**Exercise objective:** Write the entries out again in full and unchanged, dropping every image.

**Input data:**
========

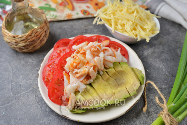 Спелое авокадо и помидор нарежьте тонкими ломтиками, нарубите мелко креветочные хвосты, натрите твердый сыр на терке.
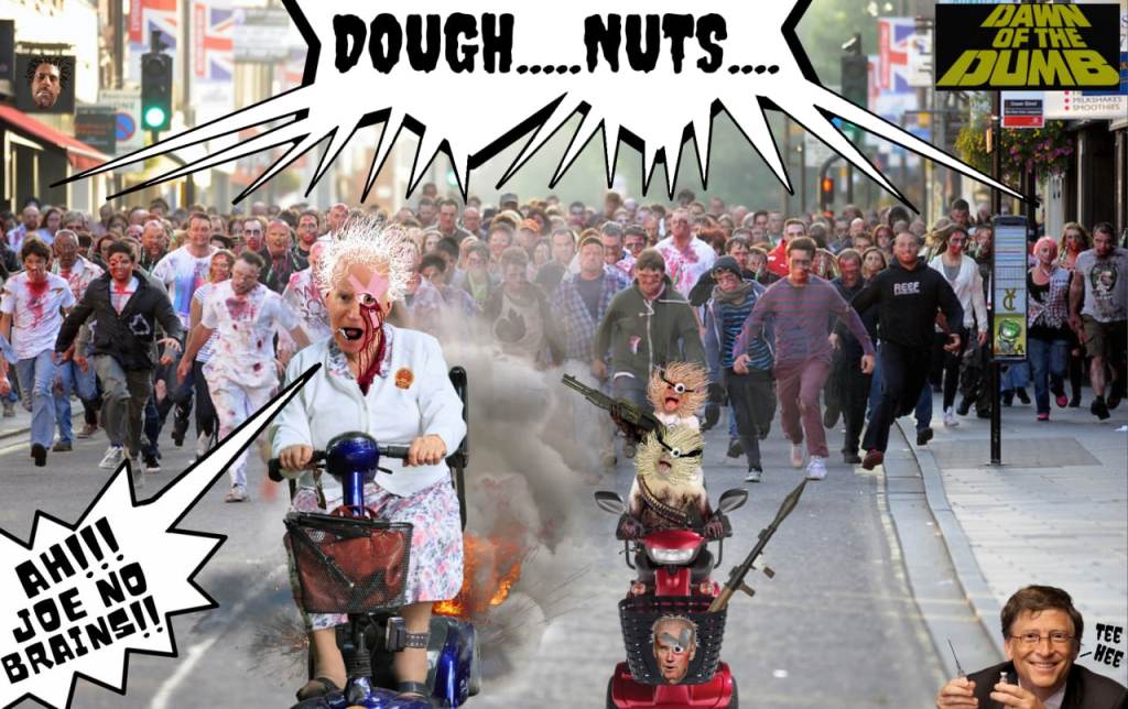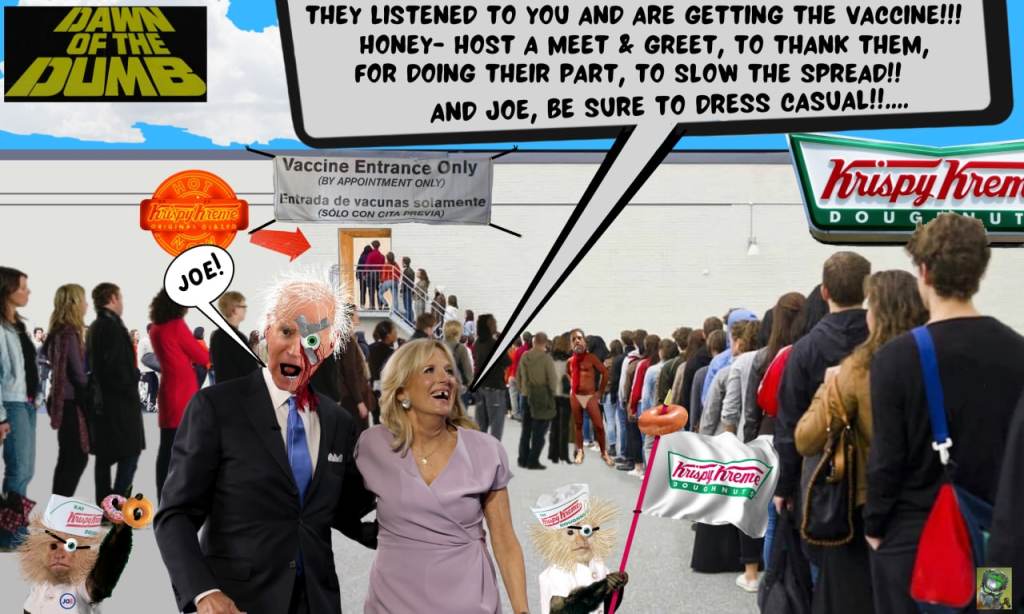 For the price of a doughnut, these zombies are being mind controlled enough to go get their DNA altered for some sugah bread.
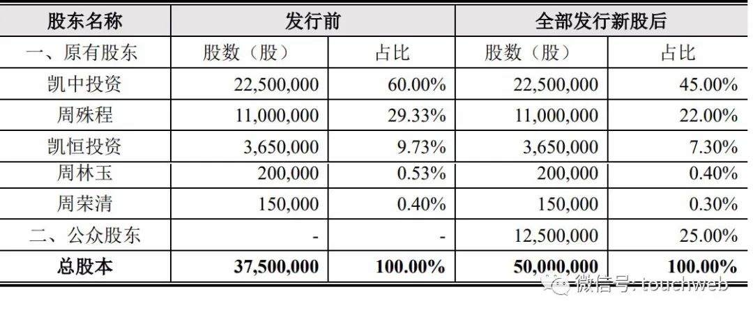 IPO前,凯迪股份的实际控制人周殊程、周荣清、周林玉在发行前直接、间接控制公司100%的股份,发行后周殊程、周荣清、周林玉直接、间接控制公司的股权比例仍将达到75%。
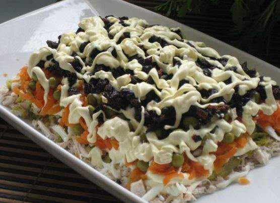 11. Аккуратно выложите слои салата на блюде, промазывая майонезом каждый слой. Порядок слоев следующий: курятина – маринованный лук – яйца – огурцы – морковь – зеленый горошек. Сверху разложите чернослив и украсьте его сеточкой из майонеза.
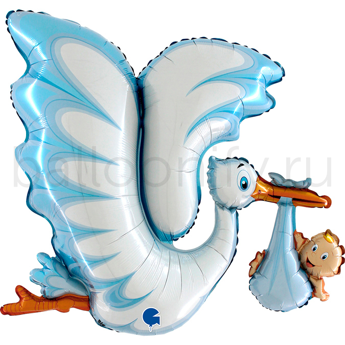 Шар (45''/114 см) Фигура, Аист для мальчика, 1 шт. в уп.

========

**Answer to the problem:**
 Спелое авокадо и помидор нарежьте тонкими ломтиками, нарубите мелко креветочные хвосты, натрите твердый сыр на терке.
 For the price of a doughnut, these zombies are being mind controlled enough to go get their DNA altered for some sugah bread.
 IPO前,凯迪股份的实际控制人周殊程、周荣清、周林玉在发行前直接、间接控制公司100%的股份,发行后周殊程、周荣清、周林玉直接、间接控制公司的股权比例仍将达到75%。
 11. Аккуратно выложите слои салата на блюде, промазывая майонезом каждый слой. Порядок слоев следующий: курятина – маринованный лук – яйца – огурцы – морковь – зеленый горошек. Сверху разложите чернослив и украсьте его сеточкой из майонеза.
 Шар (45''/114 см) Фигура, Аист для мальчика, 1 шт. в уп.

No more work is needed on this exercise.